> Your goal
Lines from the one containing "アナイ ANAYI 長袖セーター/ニット" through the final line of the data, restated word for word and free of pictures, make up the whole answer.
*** Dataset records Section Begins ***
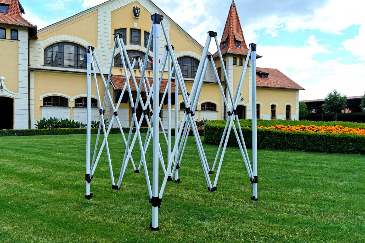 Samotné skladanie a rozloženie stanu je expresné. Bez náradia a komplikovaných návodov pavilón postavíte za pár sekúnd. Vďaka praktickej kovovej nožnicovej konštrukcii ho jedna osoba ľahko postaví behom chvíľky na miesto, na ktoré potrebuje. Nebudete sa s ním musieť nijako trápiť. Stánky vás podporia vo vašej činnosti, a pomôžu Vám s prezentáciou tovaru.
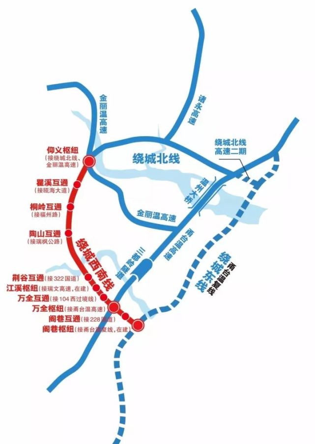 溫州繞城高速西南線是浙江省高速公路總體布局規(guī)劃“兩縱兩橫十八連三繞三通道”公路主骨架中“一繞”, 作為未來溫州閉合式繞城高速公路圈中的重要一環(huán),繞城西南線將于繞城高速公路北線一期、二期以及甬臺溫高速復(fù)線一起,串聯(lián)起溫州城市主要交通干線,共同構(gòu)成未來溫州“半小時(shí)交通圈”。
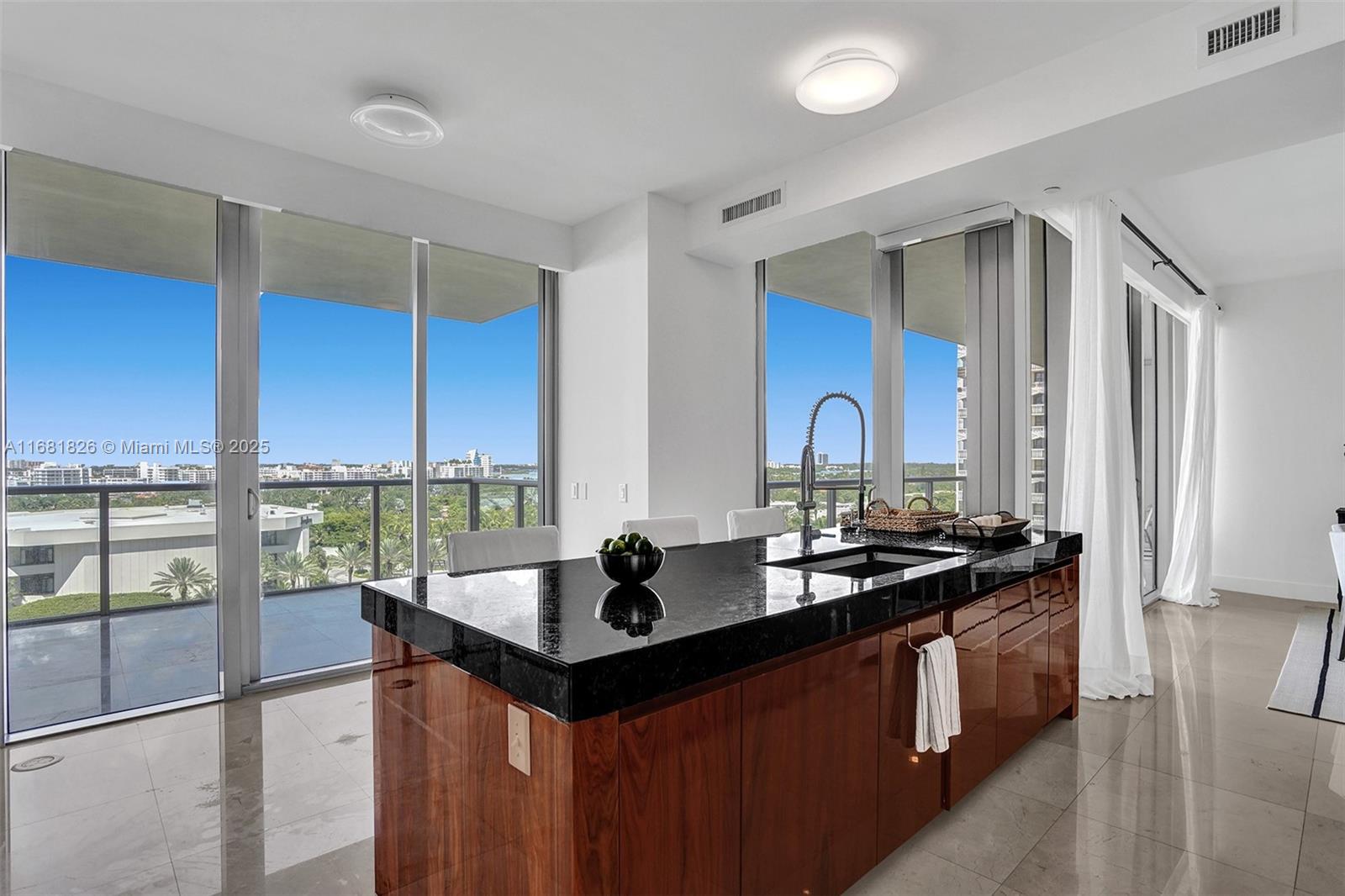 This spacious flow through 3 bedroom condo offers breathtaking, panoramic views of both the ocean and Intracoastal Waterway. Multiple terraces allow residents to enjoy both sunrise and sunset views. Includes a formal living room, den, expansive kitchen with terraces large enough to extend living space outdoors. Fully automated for ultimate convenience. Access to premium hotel services including multiple pools, full beach service, dining options, spa and fitness center, concierge, valet, & personalized butler service. Designed for ultimate luxury and convenience, ideal for those seeking a refined, resort-style living experience with impeccable services and amenities. Across the street from the prestigious Bal Harbour shops, and walkable to to restaurants and shops in the area. Furnished.
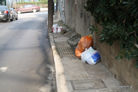 Δυστυχώς στην οδό Βώκου δεν υπάρχει εκκλησία και όπως βλέπετε στις άλλες δύο φωτό δεν υπάρχουν και κάδοι, με αποτέλεσμα οι σκουπιδοσακούλες να ... στολίζουν τα κάγκελα της πυλωτής και το πεζοδρόμιο.
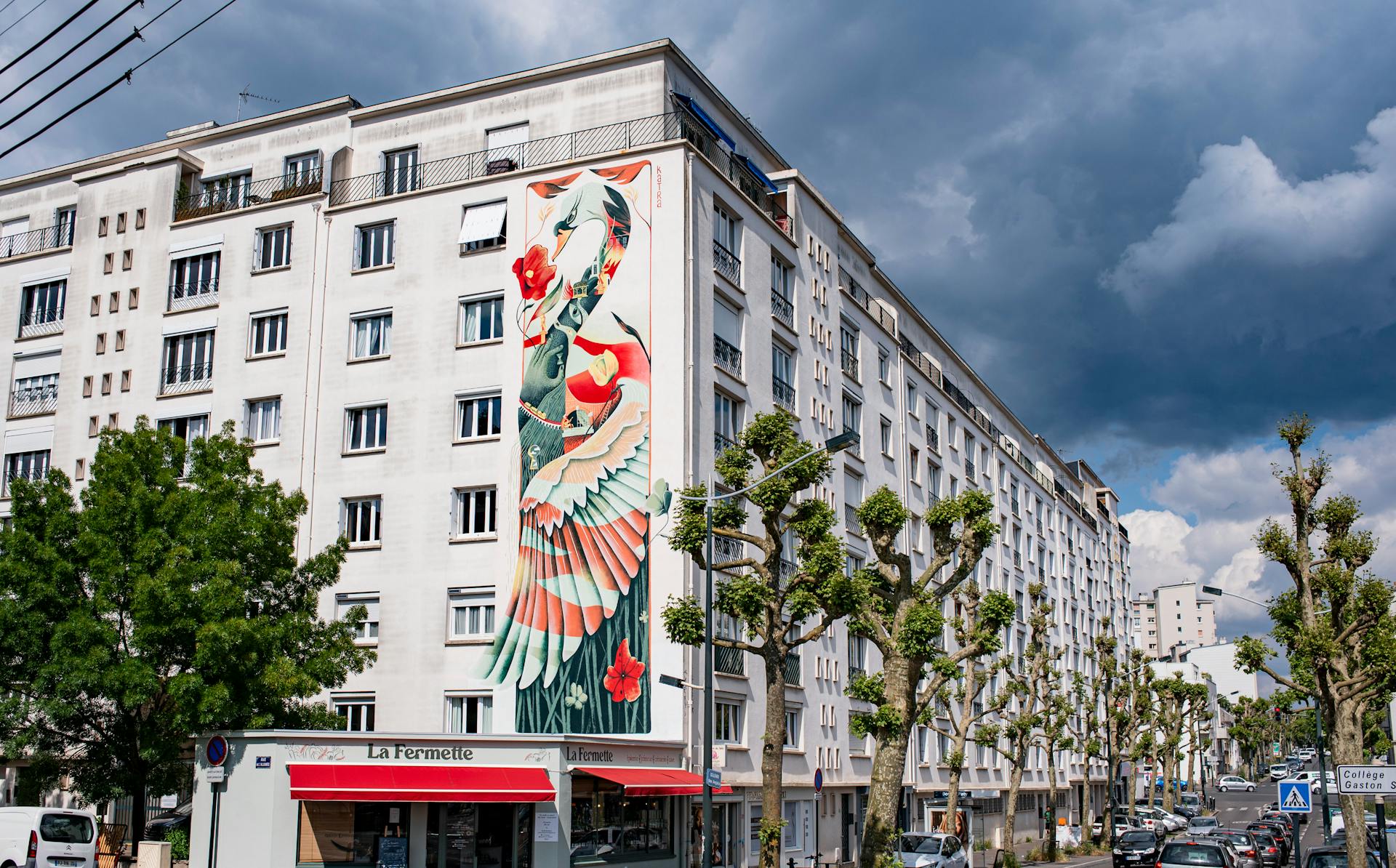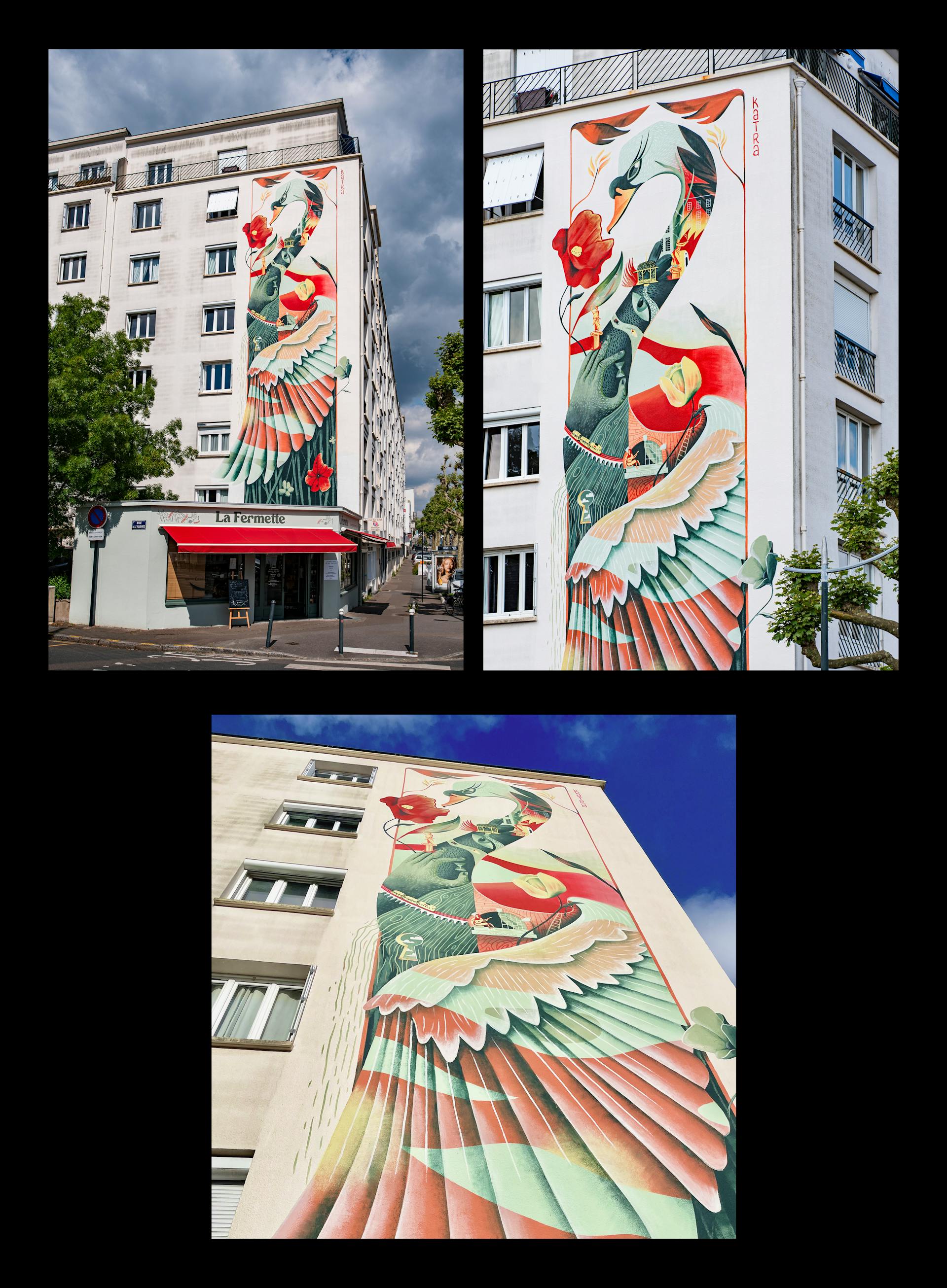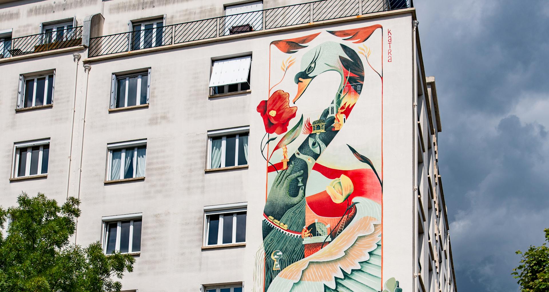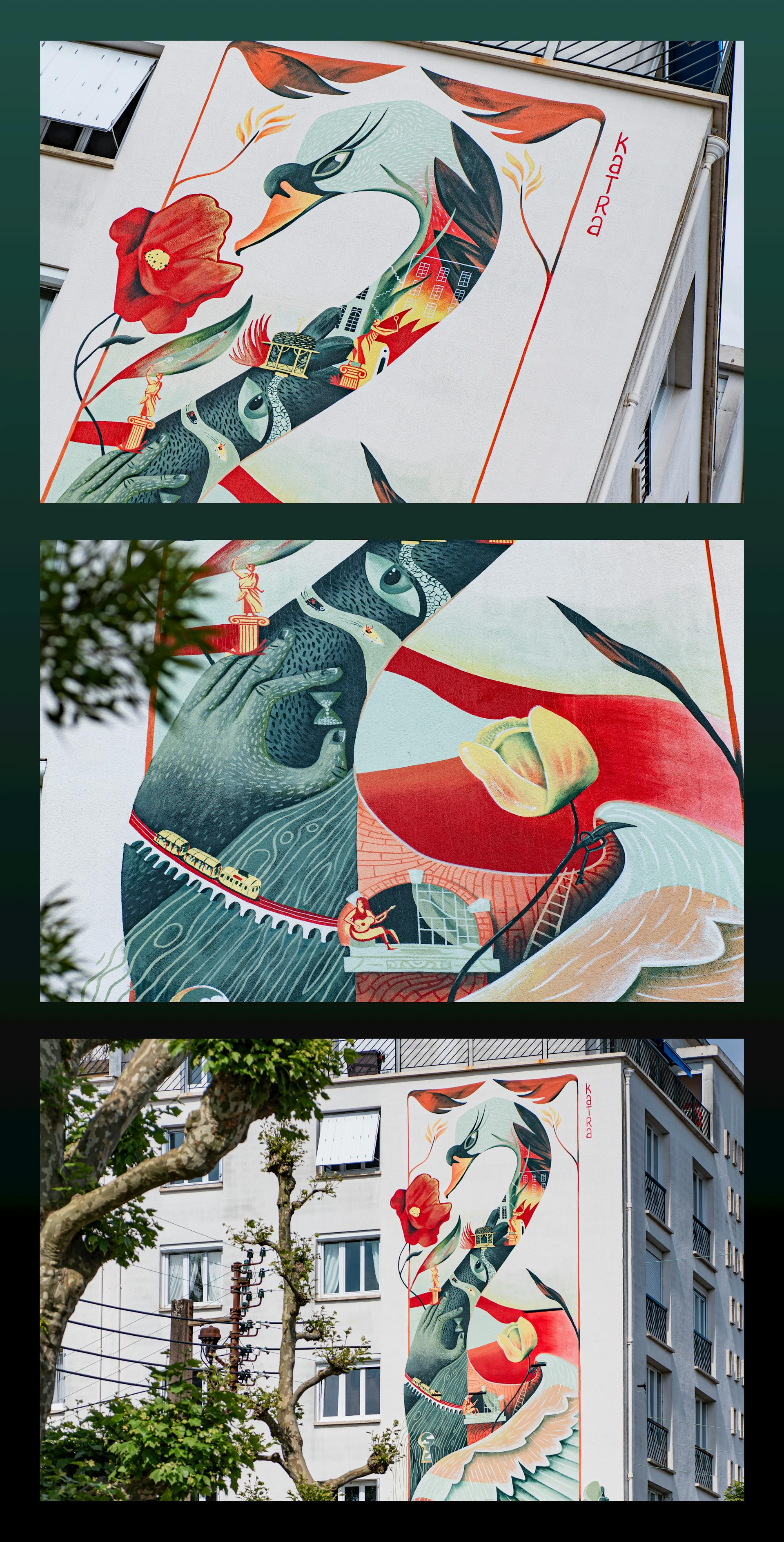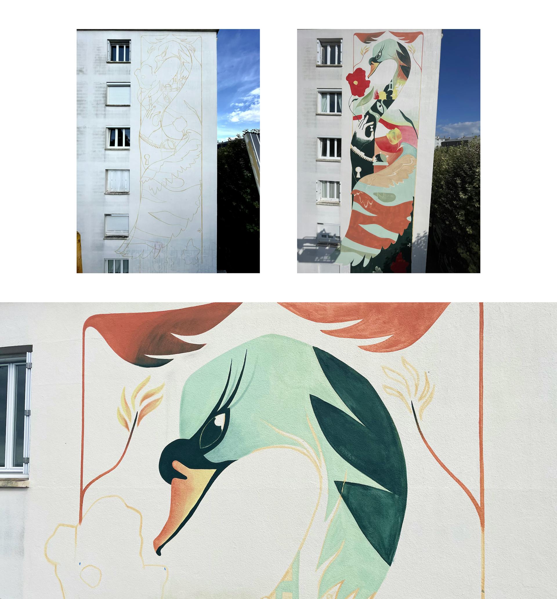 Le mur de la résidence Les Fleurs d’Armor, visible de loin, invite à contempler un élément central en première lecture puis des scènes détaillées en se rapprochant. Les habitants et les designers ont sélectionné un animal totem qui fait le lien entre la Chézine et le Parc de Procé, entre l’eau et la terre, entre les enfants et les adultes, à l’instar d’un passeur d’histoire pour le quartier. Majestueux et élégant, le cygne offre une silhouette dynamique et emblématique dialoguant avec la cime des platanes. Il propose un regard bienveillant sur les espaces environnants et emmène dans son sillon le monde du vivant.
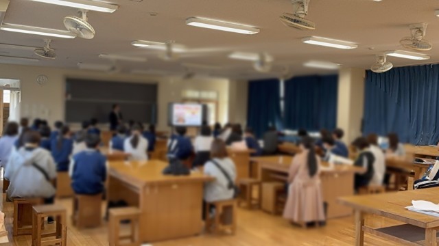 高校の先生の話に、真剣に耳を傾けていました。
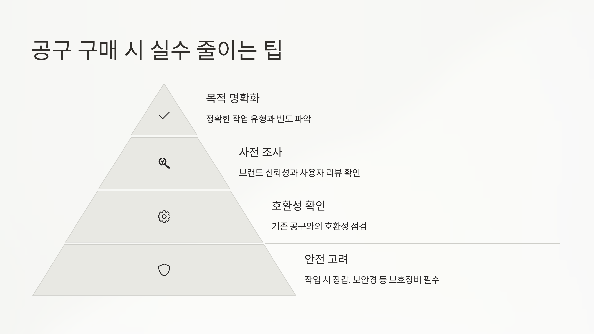 ๋ ๋ฒ์งธ๋ **์ธํธ ์ํ๋ณด๋ค ๋ฑ๊ฐ ๊ตฌ์ ์ ๋จผ์ ์๋**ํด๋ณด๋ ๊ฑฐ์์. ์ด๋ณด์์ผ์๋ก ์ ์ฉ ์ธํธ๋ฅผ ์ฌ๊ณ ํํํ๋ ๊ฒฝ์ฐ๊ฐ ๋ง์์. ์ ์ฐ๋ ๊ณต๊ตฌ๊ฐ ์ ๋ฐ ์ด์์ด ๋ ์ ์๊ฑฐ๋ ์. ์์ฃผ ์ฐ๋ ๋๊ตฌ๋ถํฐ ํ๋์ฉ ๋ง์ถฐ๊ฐ๋ ๊ฒ ๋ ํจ์จ์ ์ด์์.
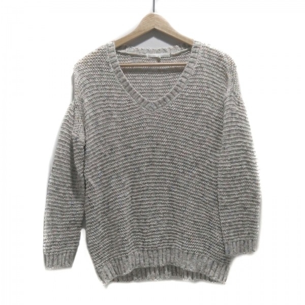 アナイ ANAYI 長袖セーター/ニット サイズ38 M - アイボリー×ライトブルー×マルチ レディース Vネック トップス
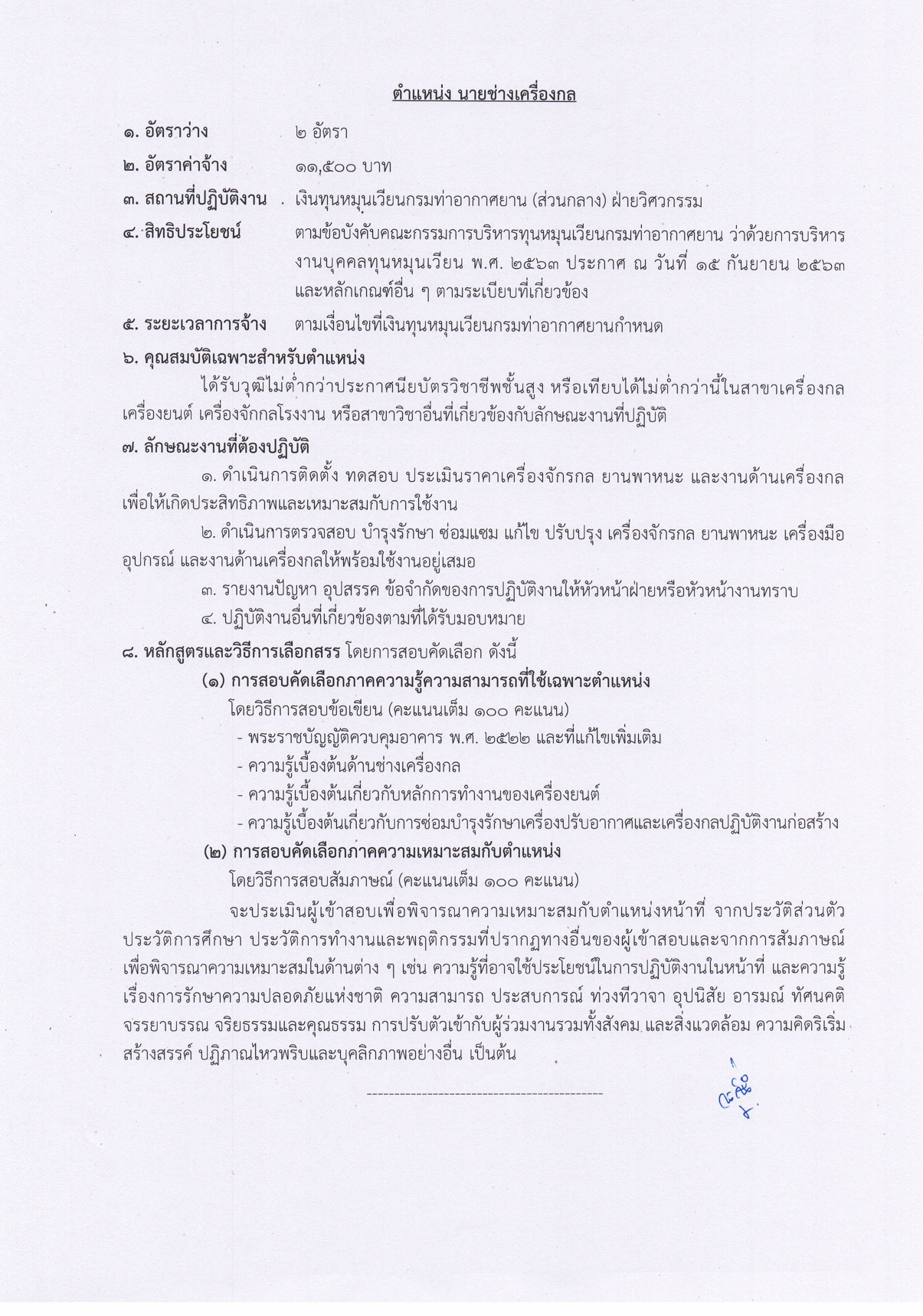 1.7 ตำแหน่ง นายช่างเครื่องกล (จำนวน 2 อัตรา)
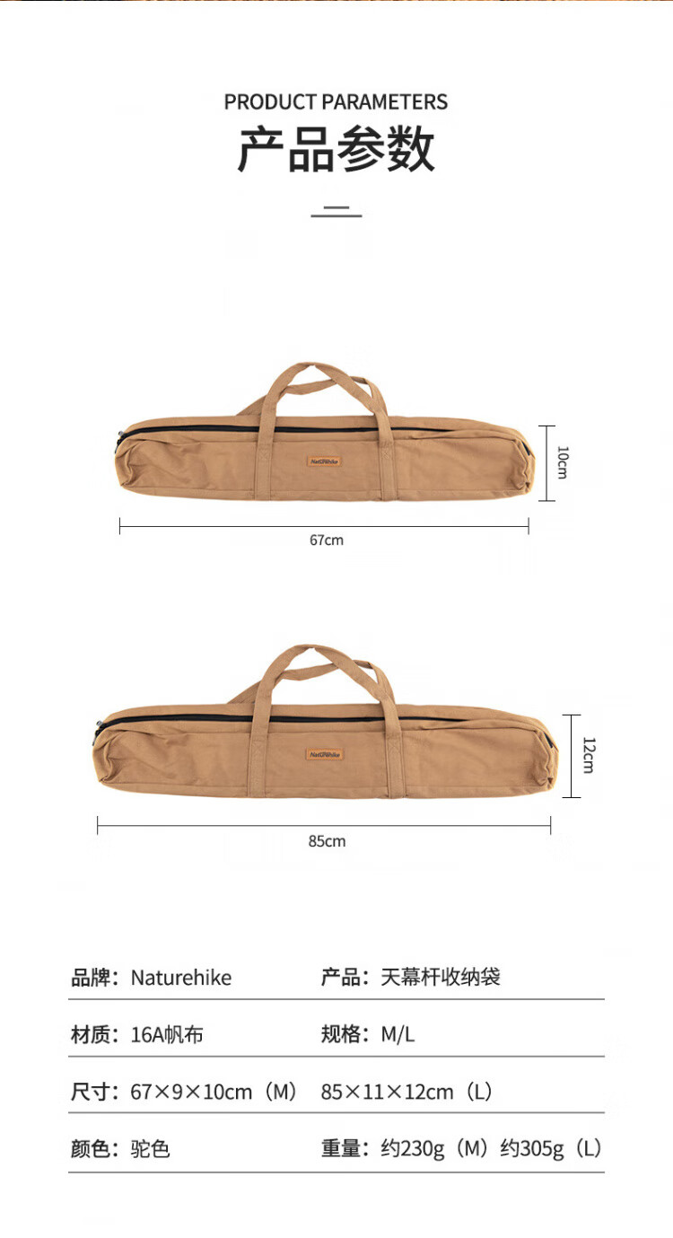 NatureHike挪客户外天幕杆收纳袋露营杂物配件收纳包储物袋耐磨 大号-驼色
*** Dataset records Section Ends ***
> Problem solution
 アナイ ANAYI 長袖セーター/ニット サイズ38 M - アイボリー×ライトブルー×マルチ レディース Vネック トップス
 1.7 ตำแหน่ง นายช่างเครื่องกล (จำนวน 2 อัตรา)
 NatureHike挪客户外天幕杆收纳袋露营杂物配件收纳包储物袋耐磨 大号-驼色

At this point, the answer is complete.